As required by 28 U.S.C. § 636(b) and Fed. R. Civ. P. 72(b), the Court has reviewed the comprehensive findings of the Magistrate Judge and considered de novo all of the filings in this matter. Upon consideration of the foregoing, the Court finds that the Report and Recommendation (Doc. 48) should be and is hereby ADOPTED in its entirety.

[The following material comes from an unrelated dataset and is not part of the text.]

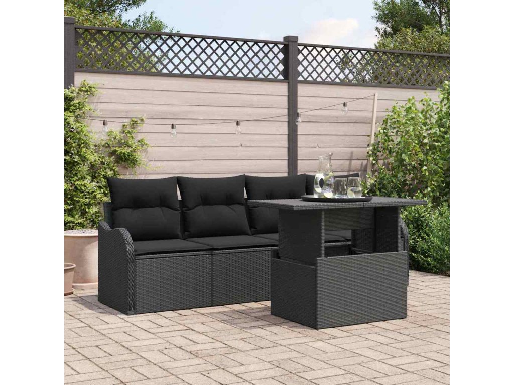 Sada zahradních pohovek s polštářem 5 pcs Černá Poly ratan 3348369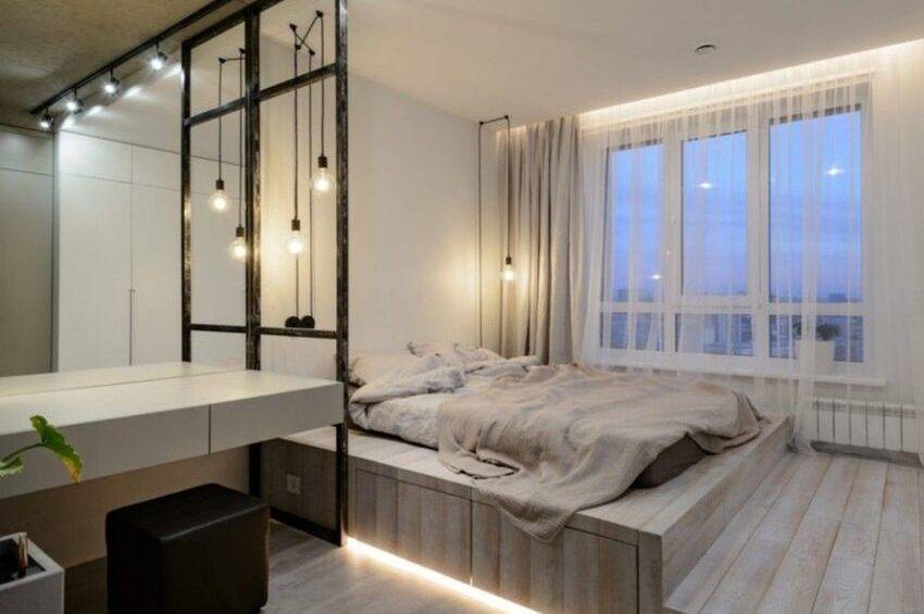 Имея в распоряжении всего одну комнату, можно превратить ее сразу в несколько разных комнат, главное правильно зонировать пространство.

Accordingly, for the reasons stated above:

1) Defendants' motion for summary judgment (Doc. 40) is GRANTED; 2) Plaintiff's complaint (Doc. 3) is DISMISSED with prejudice; 3) Defendants' motion to strike (Doc. 56) is DENIED; 4) The Clerk shall enter judgment accordingly, whereupon this case is TERMINATED on the docket of this Court; and 5) The Court certifies that, pursuant to 28 U.S.C. § 1915(a)(3), an appeal of this Order would not be taken in good faith and therefore DENIES Plaintiff leave to appeal in forma pauperis. See McGore v. Wrigglesworth, 114 F.3d 601 (6th Cir. 1997).

IT IS SO ORDERED.

FootNotes


1. Plaintiff states that the relevant pepper spray incident occurred on August 24, 2017. However, the record reflects that the incident occurred on July 24, 2017.